#### The task:
The response must consist of the lines from the one holding "Pharoah SandersやRoy Brooksとの共演などで知られるピアニスト、Joseph" through the final line of the entries, given again exactly and without any pictures.

#### Data for this task:

::::

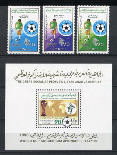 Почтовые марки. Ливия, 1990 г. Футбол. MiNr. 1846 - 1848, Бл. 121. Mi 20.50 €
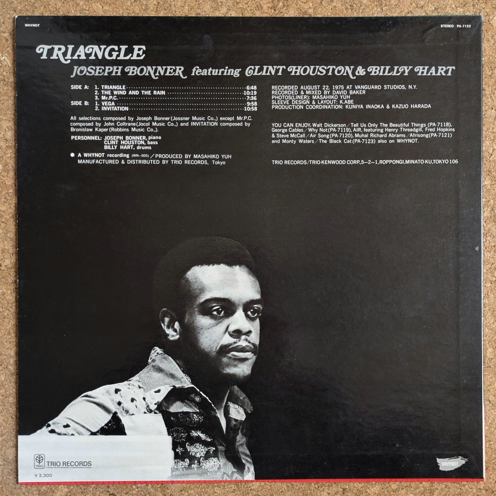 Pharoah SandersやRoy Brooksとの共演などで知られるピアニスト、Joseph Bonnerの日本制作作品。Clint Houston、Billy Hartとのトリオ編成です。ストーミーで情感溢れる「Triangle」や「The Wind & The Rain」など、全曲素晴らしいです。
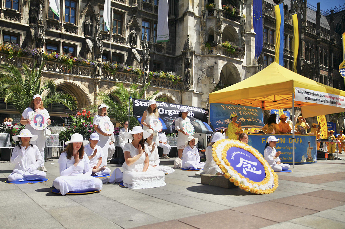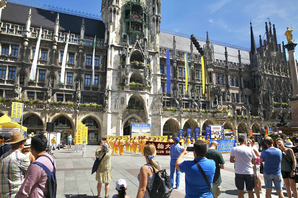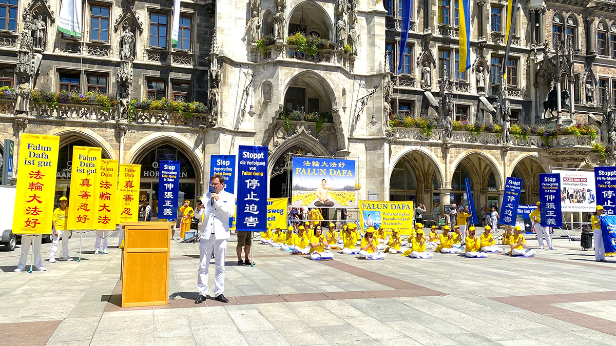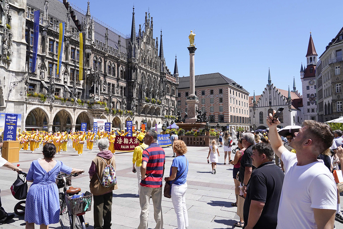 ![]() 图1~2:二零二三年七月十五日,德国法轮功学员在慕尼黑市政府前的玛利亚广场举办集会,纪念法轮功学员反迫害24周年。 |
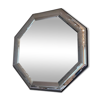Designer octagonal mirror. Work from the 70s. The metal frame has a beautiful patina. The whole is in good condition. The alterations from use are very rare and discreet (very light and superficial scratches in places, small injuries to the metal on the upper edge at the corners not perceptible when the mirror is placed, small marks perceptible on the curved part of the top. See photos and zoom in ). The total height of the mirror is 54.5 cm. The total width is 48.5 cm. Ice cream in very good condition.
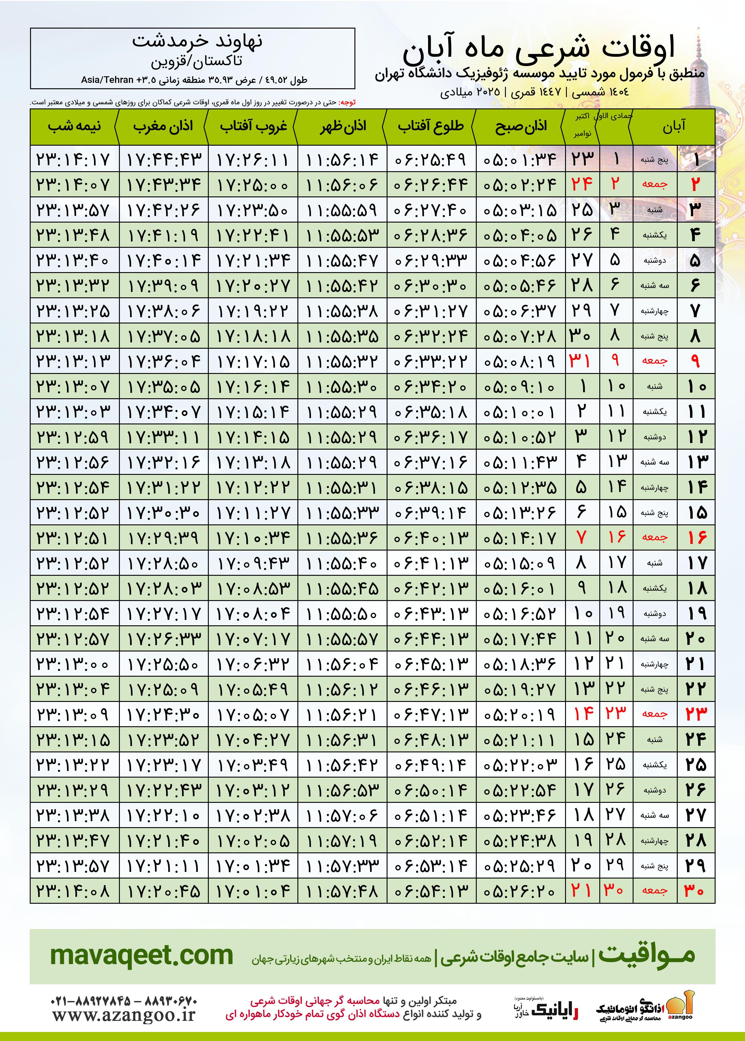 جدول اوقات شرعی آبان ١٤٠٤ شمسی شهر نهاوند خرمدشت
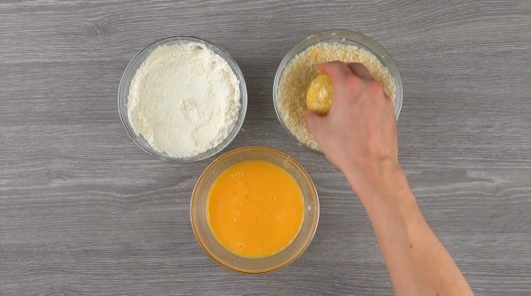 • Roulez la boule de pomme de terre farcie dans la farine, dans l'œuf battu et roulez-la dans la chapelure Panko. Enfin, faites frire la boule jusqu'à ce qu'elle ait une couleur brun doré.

::::

#### Expected answer:
 Pharoah SandersやRoy Brooksとの共演などで知られるピアニスト、Joseph Bonnerの日本制作作品。Clint Houston、Billy Hartとのトリオ編成です。ストーミーで情感溢れる「Triangle」や「The Wind & The Rain」など、全曲素晴らしいです。
 ![]() 图1~2:二零二三年七月十五日,德国法轮功学员在慕尼黑市政府前的玛利亚广场举办集会,纪念法轮功学员反迫害24周年。 |
Designer octagonal mirror. Work from the 70s. The metal frame has a beautiful patina. The whole is in good condition. The alterations from use are very rare and discreet (very light and superficial scratches in places, small injuries to the metal on the upper edge at the corners not perceptible when the mirror is placed, small marks perceptible on the curved part of the top. See photos and zoom in ). The total height of the mirror is 54.5 cm. The total width is 48.5 cm. Ice cream in very good condition.
 جدول اوقات شرعی آبان ١٤٠٤ شمسی شهر نهاوند خرمدشت
 • Roulez la boule de pomme de terre farcie dans la farine, dans l'œuf battu et roulez-la dans la chapelure Panko. Enfin, faites frire la boule jusqu'à ce qu'elle ait une couleur brun doré.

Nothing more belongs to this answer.